Motivation
The logic team at Yellowbrick is responsible for the design and validation of silicon accelerators that are part of the on-premises Yellowbrick Data Warehouse offering. We are a small team of three engineers – two of us responsible for design and one responsible for simulation validation.
A fast, flexible, and efficient logic simulation infrastructure is an extremely important component of chip development – it enables you to thoroughly test and validate the design in simulation, which in turn makes hardware bring-up relatively painless. Logic simulation is the preferred environment to find and fix bugs because it is a controlled environment where you have 100% visibility into all of the chip states. The turnaround time from finding a bug to being able to debug and fix it is also orders of magnitude shorter in simulation.
Modern simulation infrastructure development has adopted a constrained random test methodology. A well-constructed and flexible constrained random simulation environment should allow for the creation of directed tests as needed. In addition to being efficient, the environment also must be fast to allow engineers to run interactive simulations to test new code or to debug and fix a failure.
Constraints
We needed to work within the constraints of a start-up while embarking on the development of simulation infrastructure. A product needed to be delivered under very aggressive schedules, with a small team, and with minimal spend on tool licensing. We didn’t have the luxury of buying a large number of logic simulation licenses or other auxiliary tools.
So, it was imperative for us to find alternate solutions to achieve our goals – developing the tools, techniques, and methods to maximize the use of these expensive resources to meet our deliverables. The word “maximize” only half conveys what we needed to do. We also needed to make the process of development and debugging efficiently so we could rapidly debug issues that are found in simulation or during hardware tests.
Development Cycle
It is useful to outline the development cycle that the logic group goes through before highlighting the work that’s been done to build a fast, flexible, and efficient simulation environment.
We start with a requirements specification for the silicon accelerator and then work with the software team to come up with a detailed architecture specification. This specification includes all the information that the software and simulation engineers need to drive the accelerator and parse the output or results produced by the accelerator.
The next phase is implementing and validating the design in simulation. Once the simulation test-plan has been executed and the coverage reports have been reviewed, we provide the design for validation on real hardware. If issues are found there, they are fed back into the logic simulation to re-create the issue so that it can be debugged and that also helps close the coverage gap in simulation. A fix is tested, and we go back to test the hardware again.
The goal of a sound simulation methodology and environment is to ensure that the vast majority of bugs are found and fixed in simulation before going into hardware test.
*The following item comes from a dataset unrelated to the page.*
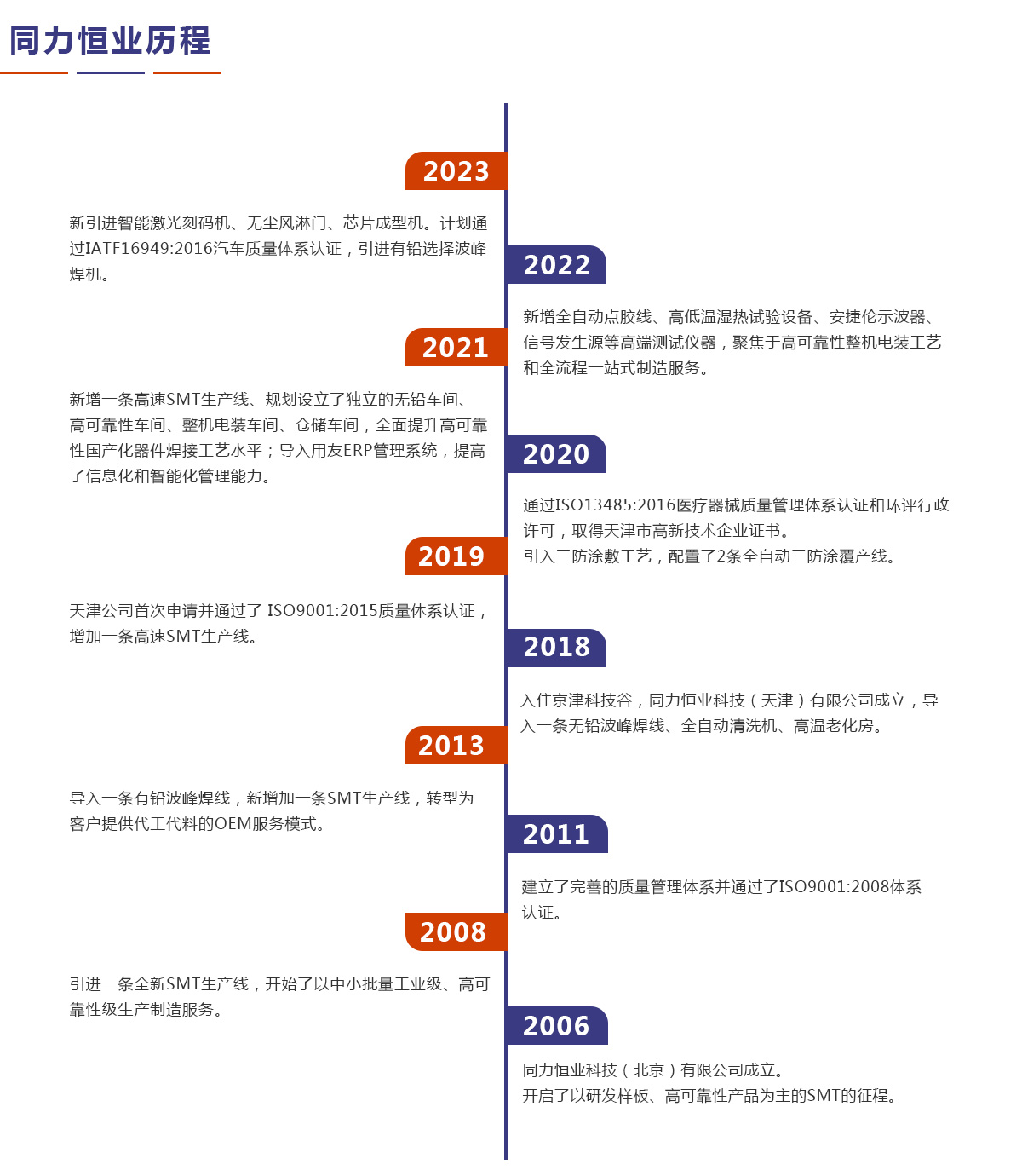 同力恒業(yè)科技成立于2006年,專業(yè)從事電子制造服務(wù)(EMS),專注于為客戶提供產(chǎn)品開發(fā)、工藝設(shè)計、物料配套、精密貼裝、插件焊接、三防涂敷、整機電裝、測試老化以及包裝運輸、售后維修等整個供應(yīng)鏈解決方案。公司定位于高可靠性及中高端產(chǎn)品電子制造服務(wù),在通訊導(dǎo)航、儀器儀表、醫(yī)療設(shè)備、汽車電子等領(lǐng)域具有豐富的一站式制造服務(wù)經(jīng)驗。

This goes a long way in ensuring that we can get to a product release as quickly as possible.
Simulation
This section highlights some key things that we did toward the goal of making logic simulation fast, efficient, and flexible.
Resource Management
Simulation licenses – and the servers that we run logic simulations on – are a shared resource, so we needed a resource management and job scheduling system to allow us to manage these resources.
Rather than spend money on another commercial tool, we used SLURM – an open-source cluster management and job scheduling system. This required some effort to make it work for us, but we were able to configure this exactly as we needed and set up various policies for interactive simulation jobs, simulation regressions, implementation, and lint jobs across work hours and outside of regular work hours.
SLURM manages the scheduling of jobs based on priority, machine and memory resources, and license availability. Jobs from various users would be queued and scheduled when the required resource was available. We were able to use servers and licenses very efficiently using SLURM.
Flexible Constrained Random Stimulus Generation
Modern chips have become very large and complex, and the simulation methodology has moved to a constrained random test methodology to allow us to test and validate these chips in a reasonable amount of time to hit the desired coverage metrics.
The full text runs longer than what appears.